Только теперь я начал этому верить. Вечер признаний Антонии, во время которого я очень много выпил, впоследствии стал казаться мне мрачной выдумкой с омерзительными подробностями. Однако в тот вечер боли я не почувствовал. Она возникла позднее – смутная, совершенно безотчетная, похожая на воспоминание о каких-то детских утратах. Знакомый мир ясных целей и привычных предметов, в котором я так долго жил, больше не принадлежал мне, и наш милый дом внезапно приобрел сходство с дорогим антикварным магазином. Каждая вещь воспринималась сама по себе, не составляя единого ансамбля. Странно, что боль впервые проявилась и выразила себя через вещи, как будто они сделались печальными символами потери, которую я еще не мог осознать целиком. Вещи оказались мудрее меня – они поняли и принялись безмолвно оплакивать уход Антонии. Вместе с ней из дома действительно ушли тепло и защищенность. А ведь несколько дней назад я был беспечен, делил себя между Антонией и Джорджи и отдавал Антонии лишь часть. Как это странно, твердил я себе. Теперь с ее уходом распалось все. Словно кожу содрали. Или, точнее, ясно очерченный круг моей жизни, такой уютный и симметричный, вдруг резко искривился, в лицо мне задул холодный ветер и сгустилась тьма.
Однако я держался молодцом. Это, по крайней мере, было очевидно и стало для меня главным. Благодаря незаметному волевому усилию я сумел обрести устойчивость. Я вел себя достойно, и теплая волна благодарности, исходившая от Антонии и Палмера, постоянно ощущалась мной. Лишенный других, согревающих меня чувств, я малодушно принимал эти знаки внимания.
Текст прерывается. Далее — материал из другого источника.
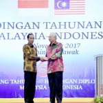 Turut hadir mendampingi Presiden, Menko PMK Puan Maharani, Menlu Retno Marsudi, Menkumham Yasonna Laoly, Mendikbud Muhadjir Effendy, Menaker Hanif Dhakiri, Mendag Enggartiasto Lukita, KSP Teten Masduki dan Dubes Indonesia untuk Malaysia Rusdi Kirana. (kn)
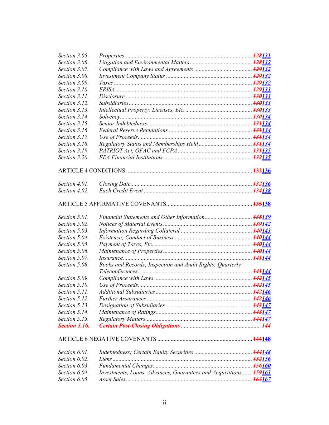 ii Section 3.05. Properties ...................................................................................... 128131 Section 3.06. Litigation and Environmental Matters .......................................... 128132 Section 3.07. Compliance with Laws and Agreements ....................................... 129132 Section 3.08. Investment Company Status .......................................................... 129132 Section 3.09. Taxes ............................................................................................. 129132 Section 3.10. ERISA ............................................................................................ 129133 Section 3.11. Disclosure ..................................................................................... 130133 Section 3.12. Subsidiaries ................................................................................... 130133 Section 3.13. Intellectual Property; Licenses, Etc. ............................................. 130133 Section 3.14. Solvency ......................................................................................... 130134 Section 3.15. Senior Indebtedness....................................................................... 131134 Section 3.16. Federal Reserve Regulations ........................................................ 131134 Section 3.17. Use of Proceeds ............................................................................. 131134 Section 3.18. Regulatory Status and Memberships Held .................................... 131134 Section 3.19. PATRIOT Act, OFAC and FCPA .................................................. 131135 Section 3.20. EEA Financial Institutions ............................................................ 132135 ARTICLE 4 CONDITIONS ..................................................................................... 132136 Section 4.01. Closing Date .................................................................................. 132136 Section 4.02. Each Credit Event ......................................................................... 134138 ARTICLE 5 AFFIRMATIVE COVENANTS.......................................................... 135138 Section 5.01. Financial Statements and Other Information ................................ 135139 Section 5.02. Notices of Material Events ............................................................ 139142 Section 5.03. Information Regarding Collateral ................................................ 140143 Section 5.04. Existence; Conduct of Business ..................................................... 140144 Section 5.05. Payment of Taxes, Etc. .................................................................. 140144 Section 5.06. Maintenance of Properties ............................................................ 140144 Section 5.07. Insurance ....................................................................................... 141144 Section 5.08. Books and Records; Inspection and Audit Rights; Quarterly Teleconferences ............................................................................. 141144 Section 5.09. Compliance with Laws .................................................................. 142145 Section 5.10. Use of Proceeds ............................................................................. 142145 Section 5.11. Additional Subsidiaries ................................................................. 142146 Section 5.12. Further Assurances ....................................................................... 142146 Section 5.13. Designation of Subsidiaries .......................................................... 143147 Section 5.14. Maintenance of Ratings ................................................................. 143147 Section 5.15. Regulatory Matters ........................................................................ 144147 Section 5.16. Certain Post-Closing Obligations ...................................................... 144 ARTICLE 6 NEGATIVE COVENANTS ................................................................ 144148 Section 6.01. Indebtedness; Certain Equity Securities ....................................... 144148 Section 6.02. Liens .............................................................................................. 152156 Section 6.03. Fundamental Changes ................................................................... 156160 Section 6.04. Investments, Loans, Advances, Guarantees and Acquisitions ....... 159163 Section 6.05. Asset Sales ..................................................................................... 163167
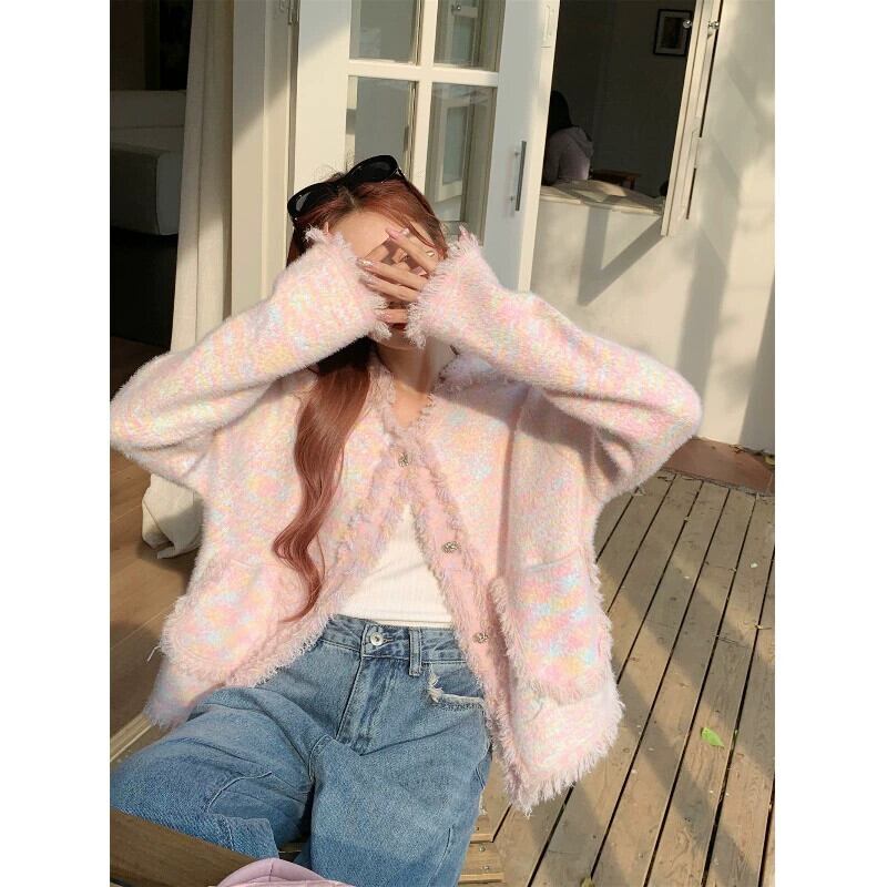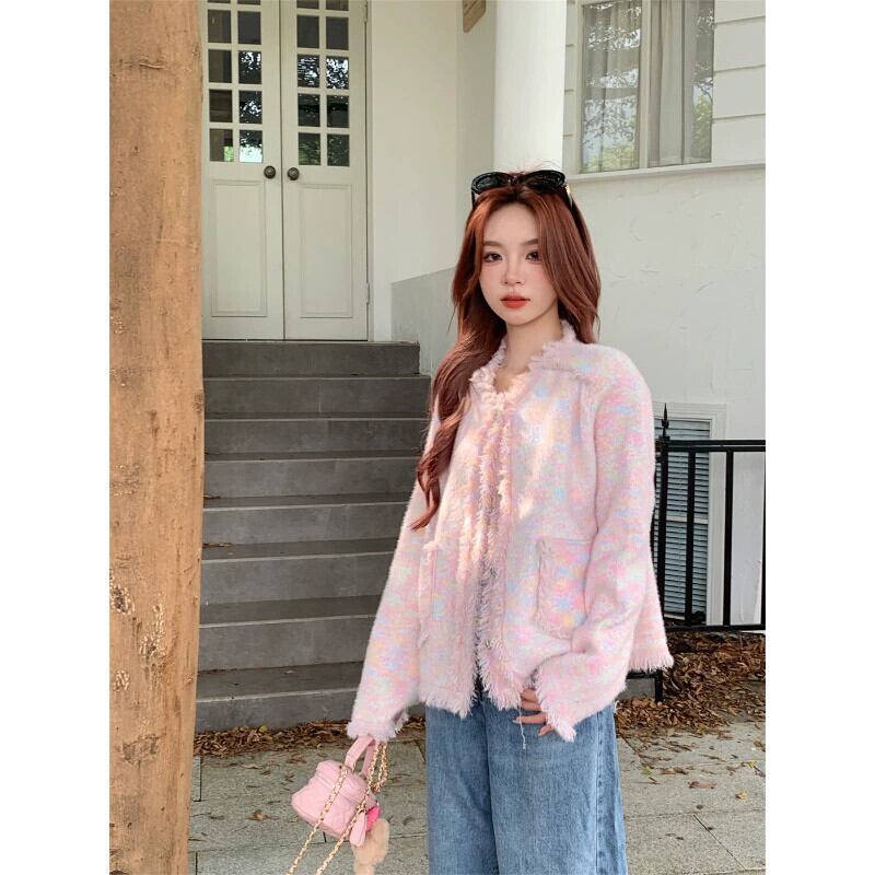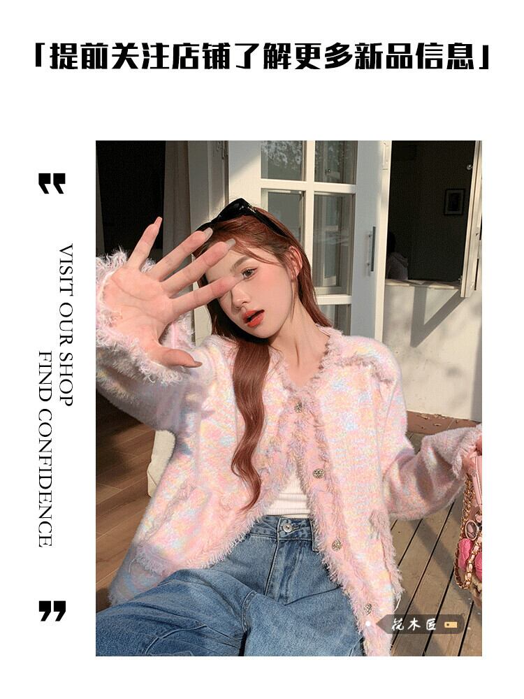 気質小さな香りのテルショートコートの女性の秋 2023 新しい甘くてスパイシーな色のルーズセーターカーディガントップ 大人ガーリー スウィート キュート カジュアル オータム 秋物 0921943825954327
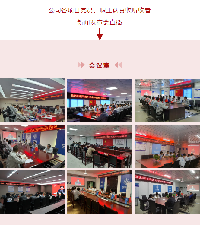 11月8日至11日,中国共产党第十九届中央委员会第六次全体会议在京举行,12日,中共中央举行新闻发布会,介绍党的十九届六中全会精神。公司党委组织所属党组织在安排好生产经营的前提下,利用广播、电视、互联网、移动设备等多种形式与渠道,收听收看新闻发布会实况直播。公司总部、各项目部及工程现场,广大党员、职工认真聆听党的十九届六中全会精神,倍加感慨、倍感振奋。
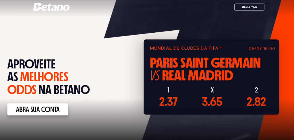 A partida entre PSG e Real Madrid será disputada na quarta-feira, dia 9 de julho, às 15:00 horas, no Brasil. As chances oferecidas pelo Betano são as seguintes:
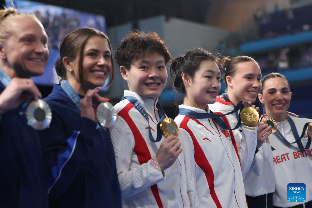 Silver medalists Sarah Bacon (1st L, upper)/Kassidy Cook (2nd L, upper) of the United States, gold medalists Chang Yani (L, bottom)/Chen Yiwen (R, bottom) of China and bronze medalists Yasmin Harper (2nd R, upper)/Scarlett Mew Jensen (1st R, upper) of Britain attend the awarding ceremony after the women's synchronised 3m springboard final of diving at the Paris 2024 Olympic Games in Saint Denis, near Paris, France, on July 27, 2024. (Xinhua/Li Ying)

Принимать их казалось неизбежным, но я решил порвать все нити и бежать. Я упустил время, когда мог действовать, и порой страшно сожалел об этом, хотя совершенно не понимал, к чему привели бы мои поступки. Было очевидно – и иногда это утешало меня, а иногда казалось невыносимым, – что Антония и Палмер действительно очень любят друг друга. Теперь, когда они могли любить открыто, да еще я уступил им, более того, как я горько отметил, фактически благословил и освободил их, они безудержно радовались. Я никогда не видел их такими веселыми, полными жизни, яркими и сияющими. Казалось, будто они без устали носятся в вихре вальса. Я все равно не мог бы противостоять подобной силе, говорил я себе. Но также чувствовал, что стоило мне постараться, если бы я только знал, какую тактику следовало применить, столкнувшись с мягкой убежденностью Антонии и ее незамедлительно последовавшей благодарностью, то, даже если бы моя попытка не удалась, я частично избавился бы от гнетущей боли. Они лишили меня минут неистовства, когда я мог напрячь силы и волю и совершить какой-нибудь, пусть даже ненужный, поступок, и этого я им никогда не прощу.
Какая ирония судьбы! – размышлял я, сидя в поезде. Еще неделю назад я обладал двумя женщинами, теперь, вполне возможно, у меня не останется ни одной. Не сведет ли на нет каким-то таинственным образом мой разрыв с Антонией и отношения с Джорджи, словно два этих растущих побега, отнюдь не соперничая между собой, подпитывали друг друга? Однако в этом я совсем не был уверен, и мои мысли осторожно, даже застенчиво вернулись к моей любовнице. Я не общался с Джорджи с того рокового дня, когда на меня обрушились признания Антонии, и, поскольку событие еще не стало общеизвестным, она могла ничего не знать о переменах в моей судьбе. Мне не хотелось ей рассказывать. Еще не пришло время, когда я почувствовал бы, что могу говорить людям то, чего они от меня ждут. Гадая и прикидывая, что ждет от меня Джорджи, я понял, как плохо я, в сущности, ее знаю. То, что она начнет вульгарно нажимать на меня и требовать, чтобы я женился на ней, я, конечно, исключал. Скорее, вопрос шел о том, способна ли она простить меня и в какой мере, да и хочу ли я, чтобы она меня простила. Когда я всерьез задумался над этим, то ощутил резкую боль: меня стало мучить, что если Джорджи или я «капитулируем» без боя, то предадим себя и даже разорвем тонкую и нежную связь, которая так расцвела в тайной и двусмысленной атмосфере. Я нуждался в Джорджи, любил ее, чувствовал, что, наверное, не смогу без нее жить, особенно сейчас. Однако не представлял, как это вдруг женюсь на ней. Сейчас еще слишком рано об этом задумываться, решил я. Ведь я еще даже не начал собирать распавшиеся части: когда мне удастся их соединить, то, может быть, в этой новой картине и найдется место для нашего счастья с Джорджи. Изредка и весьма абстрактно я воображал себе это счастье как нечто крайне далекое от моих нынешних невзгод и смятения и все же в какой-то степени возможное.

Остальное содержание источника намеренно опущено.